The C-17's million-hour journey began with its first flight from Long Beach, CA on September 15, 1991. While most of those hours have been flown by C-17 customers, Boeing's ongoing support was integral to reaching the milestone. The quality, capability and reliability designed and built into the C-17 have allowed the customer to fly the airplane far beyond the number of hours originally envisioned.

Boeing employees and supplier company partners will gather March 27 at the Long Beach, CA C-17 assembly plant to hear from the US Air Force and U.K. Royal Air Force leaders responsible for amassing this remarkable flight hour tally.
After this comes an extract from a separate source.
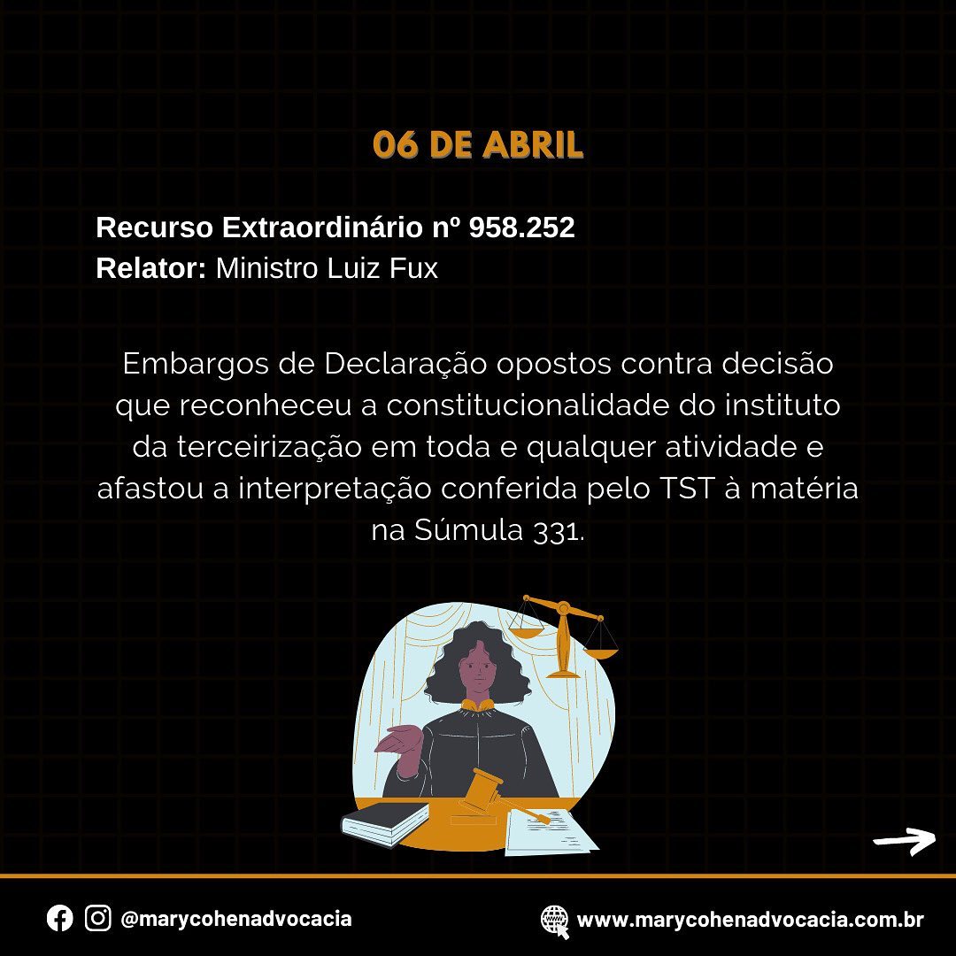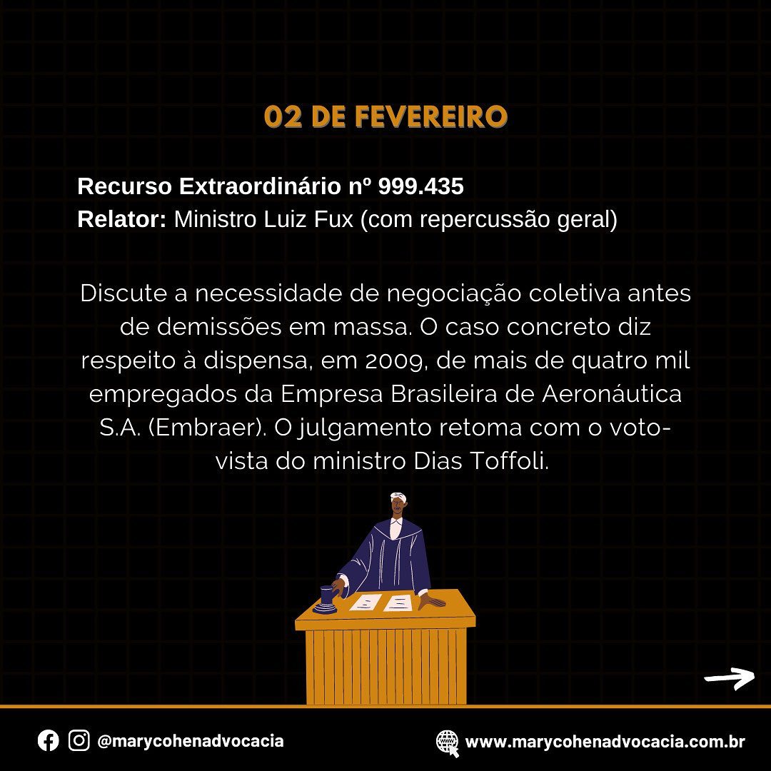 Dentre as matérias, há temas importantes que dizem respeito às relações de trabalho. Como exemplo, tem-se o julgamento acerca da necessidade de negociação coletiva antes de demissões em massa e outros temas da Reforma Trabalhista (Lei nº 13.467/2017).

The C-17 crew and the jet they flew for the aeromedical evacuation into Iraq also will attend.

Boeing currently is on a multi-year production contract to design, build and deliver 180 C-17s to the US Air Force through 2008. To date, the USAF has 148 C-17s in its fleet, with four additional Globemaster IIIs operated by the Royal Air Force.

Boeing also hopes the US military will decide it needs more of the heavy-lift cargo aircraft, as current orders are on the books only through 2008.